Pendant que les boissons sont préparées et servies, Martine évoque avec passion l’aventure humaine et scientifique de Franck Zal, docteur en biologie
marine.
En 2007, ce dernier décide de quitter le CNRS et fonde Hemarina, un laboratoire biopharmaceutique implanté à Morlaix et spécialisé dans le développement de produits
de santé reposant sur les formidables propriétés de l’hémoglobine extracellulaire du ver marin arénicole.
Longtemps ignoré par les instances françaises, Franck Zal a été obligé de se tourner vers l’étranger, notamment l’Europe et les États-Unis. Pourtant, les potentiels
débouchés liés au « plasma » de l’arénicole sont nombreux et très prometteurs.
Finalement, en 2018, Franck Zal est élu Breton de l’année et Hemarina est consacrée entreprise innovante.
Grâce à Hemarina, l’arénicole est devenue le premier transporteur d’oxygène universel à visées thérapeutiques. Pas mal pour un modeste ver de vase qui nous sert
seulement d’appât, à nous pêcheurs.

Ok pour jouer mais... sérieusement
Après cet éclairage instructif, c’est le moment pour Capucine, la stagiaire de l’équipe, de nous proposer de participer, en avant-première, à un jeu dit sérieux
qu’elle a conçu et réalisé dans le cadre de ses études en Master 1 environnement littoral à l’IUFM de Brest.

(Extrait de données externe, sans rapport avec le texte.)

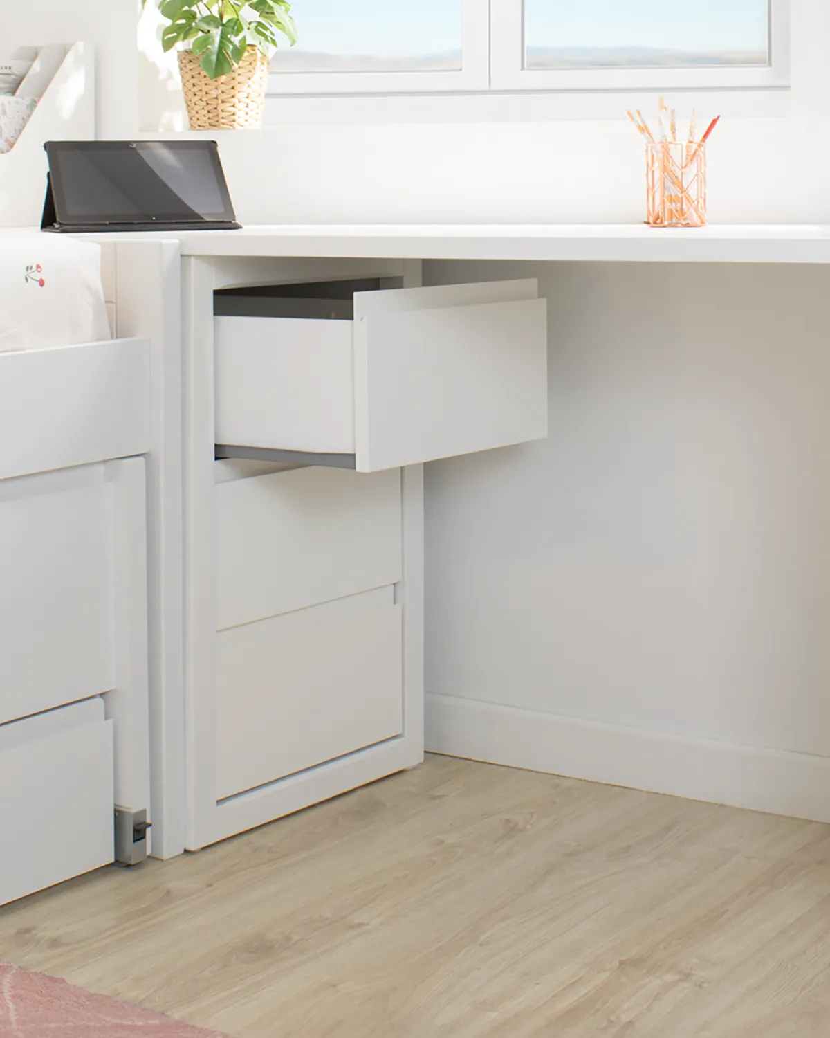 Scrivania Laccata Bianca: Grazie alla sua laccatura bianca, questa scrivania non solo ha un aspetto moderno e pulito, ma aiuta anche i bambini a rimanere concentrati sulla loro zona studio.

Les participants sont invités à constituer des binômes. Et à chaque binôme est attribué un rôle en lien avec les activités maritimes de la baie (pêcheurs de loisir
et professionnels, parc marin, plongeurs, gestionnaire de port et même banc d’herbes marines).
Chacun prenant son rôle au sérieux (d’où le qualificatif du jeu), s’ensuit un échange de vues tous azimuts qui permet de mesurer la complexité des questions
environnementales au regard des contraintes et des attentes des différents acteurs de la baie.

C’est sur cette touche finale ludique et conviviale que se termine notre visite à « Ty Trezma ». Et même si la récolte de déchets ne restera pas dans les annales,
les participants ont unanimement apprécié leur rencontre avec Ystopia, satisfaits d’avoir pu découvrir certains des nombreux petits secrets de la laisse de mer.
Un grand merci à Amandine, Oestebann et Capucine pour leur accueil chaleureux et le partage enthousiaste de leurs connaissances.